The existence of the ATF is unconstitutional in my opinion. It violates the separation of powers. The Congress doesn’t want to make laws the way they were designed to be made. You know, arguing in the House and Senate and getting majority approval from both and finally signed by the President. So they create an agency with “rules” and that agency decides, interprets, and executes its rules. Its an incestual mix of Legislative and Executive powers, and sometimes even Judicial. They should not exist.

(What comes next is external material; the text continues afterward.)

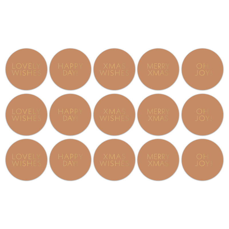 5 kadostickers Xmas wishes fudge/goudDeze prachtige ronde kadostickers in de kleur fudge/goud zijn te gek als kadosticker en als sluitsticker op je kerst kadootjes.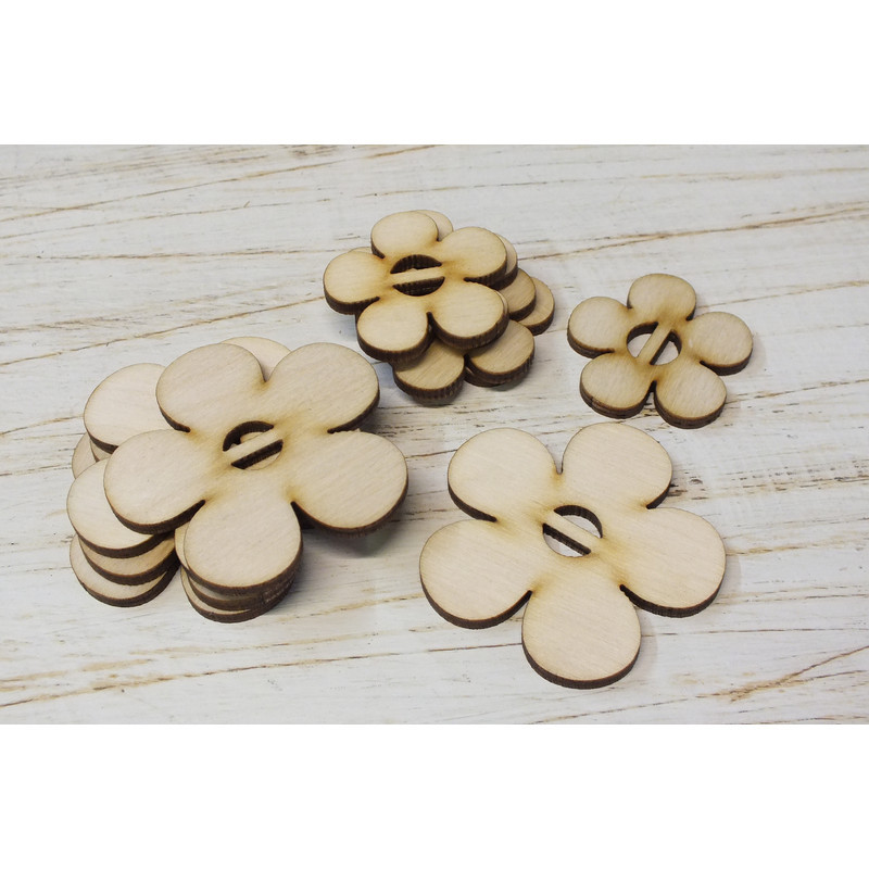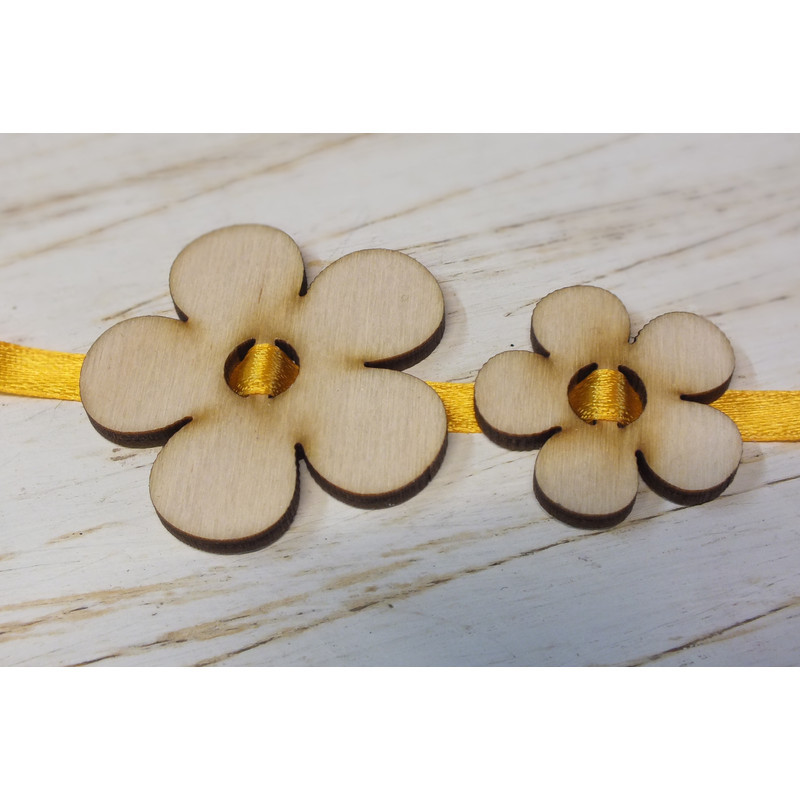 Szalagra fűzhető virágok. A csomag tartalma 5db 3,5m átmérőjű és 5db 5cm átmérőjű fa virág Ajánljuk kreatív alkotásokhoz, virágcsokrokhoz és esküvői dekorációhoz egyaránt.

No sir I’m afraid I have to disagree with you. It was Janet Reno and Bill Clinton that gave us Waco. There is enough substantive evidence to prove beyond a reasonable doubt that the FBI and ATF went there with the specific intent and instructions to start a war with them and demonize EVERY militia group in these United States. When that failed they went to plan B and the Murrah building got blown up. funny thing about that the FBI office was empty except for their WXYZ filing cabinet which just happen to still be in that office in that building on that day…what a coincidence. (hint Waco…W,X,Y,Z). Also while the country was in an uproar over McVeigh (who did not actually destroy the building) everybody forgot about the OU Lawton seismograph that showed two events that morning ten seconds apart, with the first one documented by several external sources as the Ammonium Nitrate bomb. The second LARGER event was never identified except that it coincided with the testimony of several on scene saying they heard a second loud blast. This was never investigated. Thirdly the blast center of the nitrate bomb was 3/4 of the way down the building towards the north west corner of it. The nursery and the site of the destroyed reinforced concrete and steel pillar, similar to the one in the WTC that withstood a nitrate bomb in that building that was 3 feet from a similar support that barely cracked the outer concrete on it, was at the south east end of the building. Finally there were reports from seasoned war correspondents in local stations of the discovery of a laws rocket launcher about two blocks from the building. This report disappeared after the first broadcast. I know this because I heard the first broadcast and know for a fact that it was never aired again. Also how was it that FEMA, which had just been started was able to load their equipment, and gather their personnel and be on site from DC to OKC in an hour! Some people may not remember all that but I DO! Waco was a direct attack on a group of people who held beliefs that the Clintons thought were dangerous and 83 of them died for it. David Koresh went jogging EVERY MORNING at 9am. If this had really been about getting him in jail they would have picked him up on one of his morning jogs.

DSA/dnc IS the greatest enemy of the USA in the world…next to the scotus!!! And they will prove it in November!


The same people were praying they would get a chance to kill the Bundy’s also…too much media put a kink in the plan and the Bundy’s did not fall into the plan like the Traitors thought they would and look how it turned out…


I’d a been mad if’s they croaked off kelly.


I’m sure the G-man monitoring me must wonder why I look up ammo for six hours a day but never order any.


As much as Uncle Sam leads the media around on a leash, they do turn around to bite him at times. This may ultimately benefit us – they know if they responded to a righteous uprising with overwhelming force they’d wind up looking like villains. The media couldn’t help but publish photos of the devastation.